The film was shot on location in Morgan and Porterville, Utah in the summer of 1989; a large "M" erected in the mountains outlying Morgan is visible in some shots. The production crew was made up almost entirely of non-English-speaking Italians brought to America by Fragasso; the only fluent English speaker on set was Gemser. Fragasso and his crew largely relied on a broken pidgin English to communicate with the cast, who recalled not being able to understand much of what went on.

The cast had few experienced actors and was primarily assembled from residents of nearby towns who responded to an open casting call, hoping to win roles as extras. George Hardy was a dentist with no acting experience who showed up for fun, only to be given one of the film's largest speaking roles. Don Packard, who played the store owner, was actually a patient at a nearby mental hospital, and was cast for—⁠and subsequently filmed⁠—his role while on a day trip. He later recalled that he had smoked an enormous amount of marijuana prior to filming, had no idea what was happening around him, and that his disturbed "performance" in the film was not acting.

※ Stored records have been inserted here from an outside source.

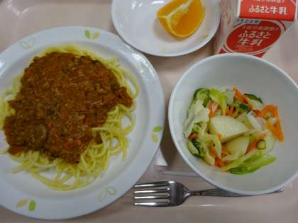 本日の献立 スパゲッティミートソース 牛乳 ポテト入りフレンチサラダ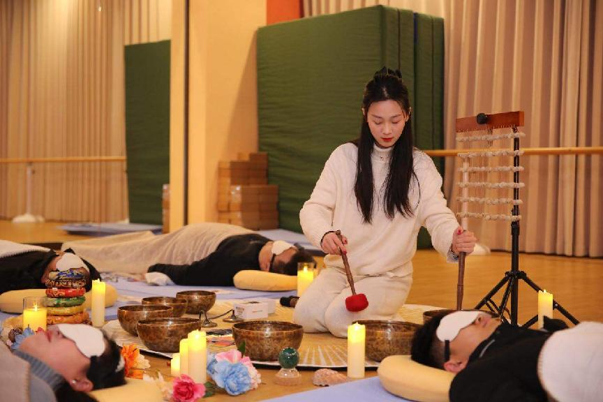 柔和的灯光、轻松的音乐、安神的香薰……夜幕降临,华灯初上,位于浙江诸暨经济开发区的青少年宫一间文体活动室内,颂钵疗愈老师齐曼伊手持钵锤,在钵体上轻轻敲击,平躺在一旁的学员在空灵之音中,渐渐进入睡眠模式。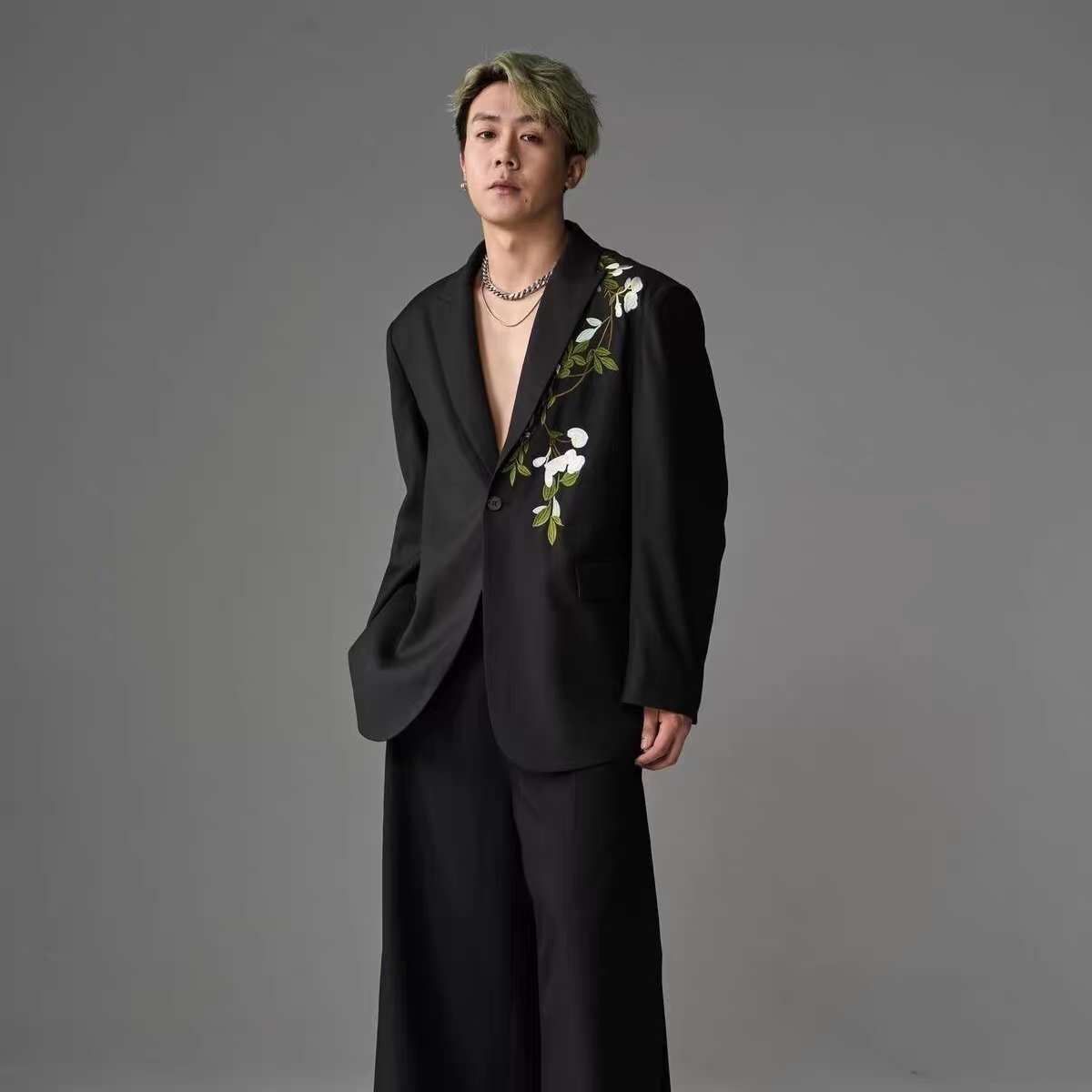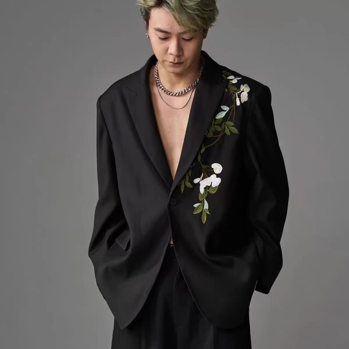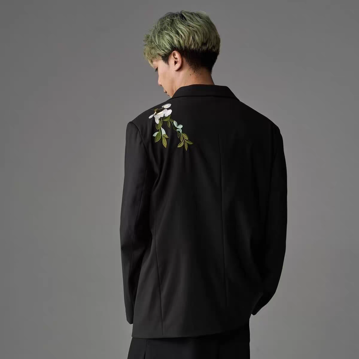 男士韩版修身垫肩西服新中式新郎结婚订婚礼服青少年西装刺绣外套

Drudi and Fragasso have stated that their intentions have been misunderstood, as the strongly criticized aspects of the film are intentionally comic and exaggerated, such as Creedence's theatrical acting or the preacher's monologue on eating meat.

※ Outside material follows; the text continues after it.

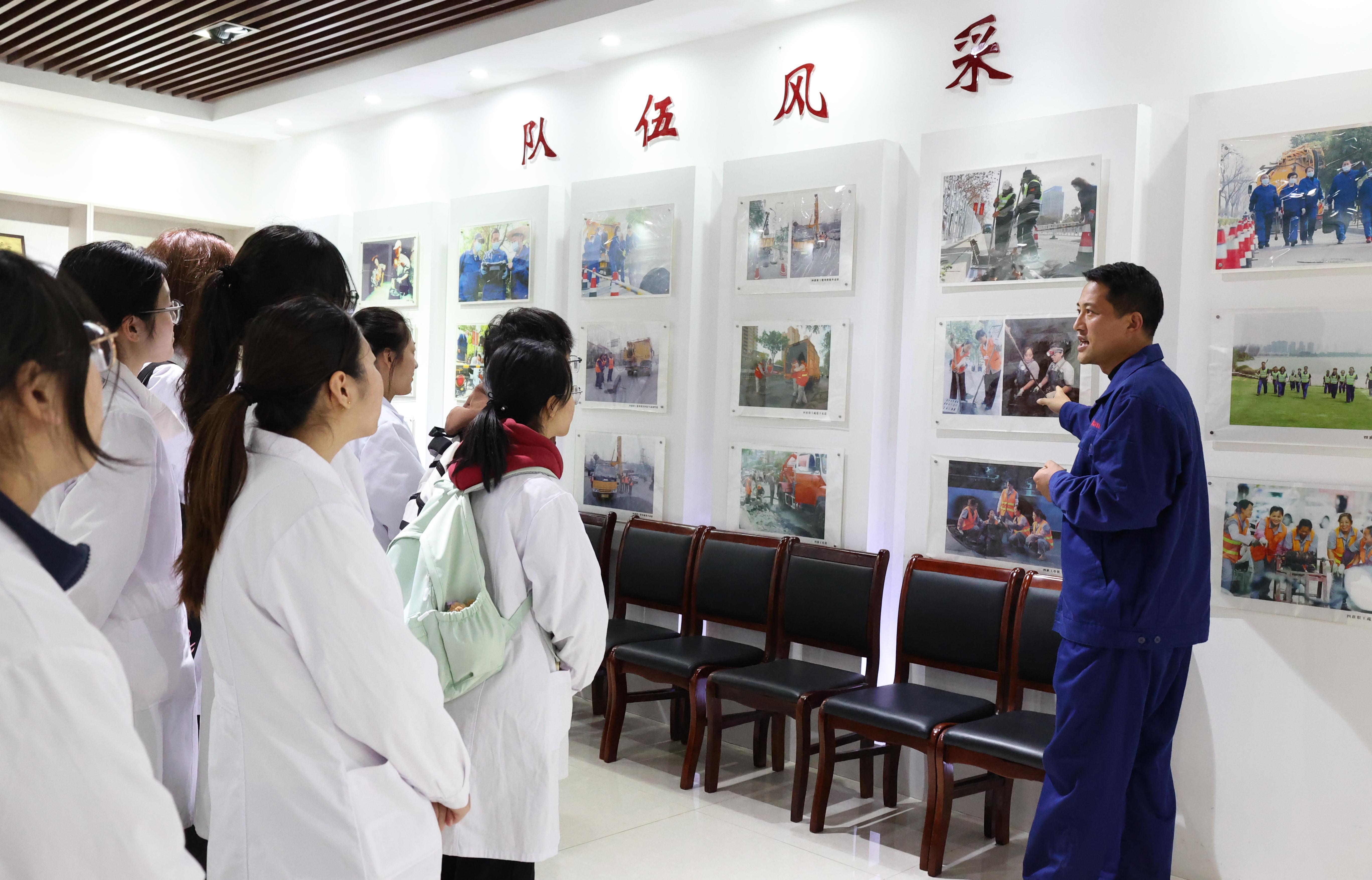 活动伊始,下水道四班班长对师生一行的到来表示热烈欢迎,并详细介绍了四班五十余载扎根城市“地下血脉”养护一线的奋斗历程。在班长的引导下,师生们走进承载着厚重荣誉的“场馆里的思政课”现场,驻足于“全国五一劳动奖状”“全国工人先锋号”等荣誉墙前。一张张记录管网养护、防汛抢险的老照片,无声讲述着一线工作者“宁可脏一人,服务千万家”的敬业精神与奉献情怀。此次参观不仅是历史的回望,更是依托“馆校协同”机制,将基层资源转化为思政实践教学点的生动体现,让师生在历史与现实的交汇中,切实体悟奋斗的力量,实现了理论学习与情感共鸣的双向赋能。
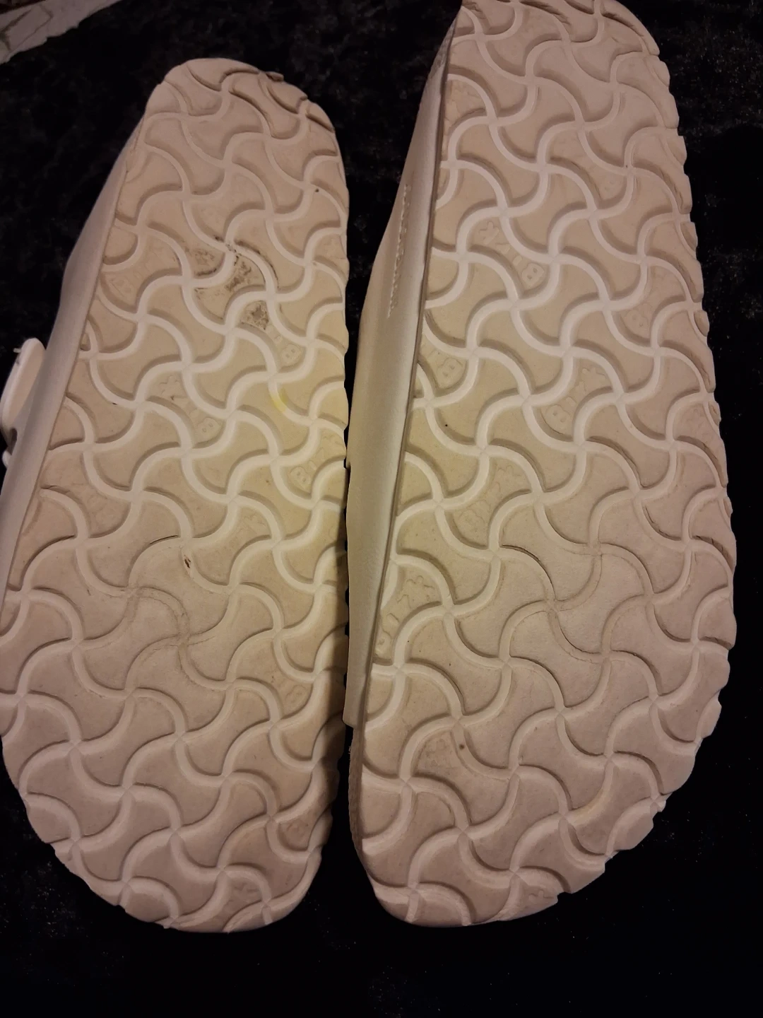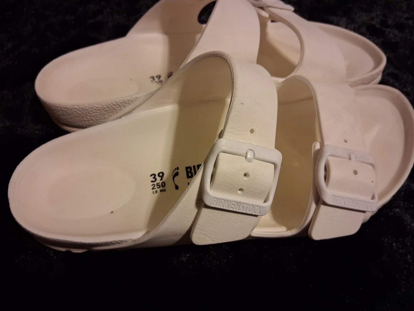 Selling a pair of Birkenstock Arizona sandals in white. They are a size 39, which is a US 8. They have some signs of wear on the soles, but are still in good condition!

As neither Fragasso nor Drudi spoke fluent English, the shooting script was written in the same broken dialect in which they both spoke; the cast would later recall that the script was only given to them scene-by-scene and that they had difficulty understanding their dialogue as written. Some of the cast members offered to correct their lines to sound more grammatically and syntactically correct but said that Fragasso demanded they deliver their lines verbatim. Despite the majority of the cast attesting to the same story, Fragasso has vehemently denied their version of events, and once reacted angrily to a panel discussion being conducted by the cast, calling the actors "dogs" (Italian for "bad actors") and accusing them of lying about their experiences.

Soundtrack
The film's soundtrack was composed by Carlo Maria Cordio and was played entirely on Roland D-50 and Korg M1 synthesizers, consisting of a few brief themes repeated over and over, including a sped-up M1 demo track. In 2017, the complete score was released on CD, LP and cassette by Lunaris Records.

Reception
Troll 2 is widely considered to be of exceptionally poor quality, and has come to be regarded by the public as one of the worst films ever made. On Rotten Tomatoes, the film holds an approval rating of 5% based on , with a weighted average rating of 2.4 out of 10. The critical consensus simply reads "Oh my God" in reference to the film's most famous (or infamous) scene. The acting and dialogue have become notorious for their camp value. The scene in which Darren Ewing's character states that he will be eaten next has become an Internet meme, often appearing in videos alongside the "Garbage Day" meme from Silent Night, Deadly Night Part 2. In terms of audience participation, Troll 2 has been compared to the film The Rocky Horror Picture Show, and the two films have been screened together.

J.R. Jones, a reviewer on Chicago Reader, gave the film a negative review and said "The script is stupid, the acting is wooden, the special effects are laughable, the vintage-80s synthesizer score is cheesy. The movie's paranoid premise is boiled down from two superior sci-fi movies, Invasion of the Body Snatchers (1956) and The Day of the Triffids (1962). And there are no trolls.", a staff member on TV Guide, also gave the film a negative review and said "Any attempt to obscure the names of those involved in the making of this fiasco can only be construed as an act of mercy. Troll 2 is really as bad as they come" 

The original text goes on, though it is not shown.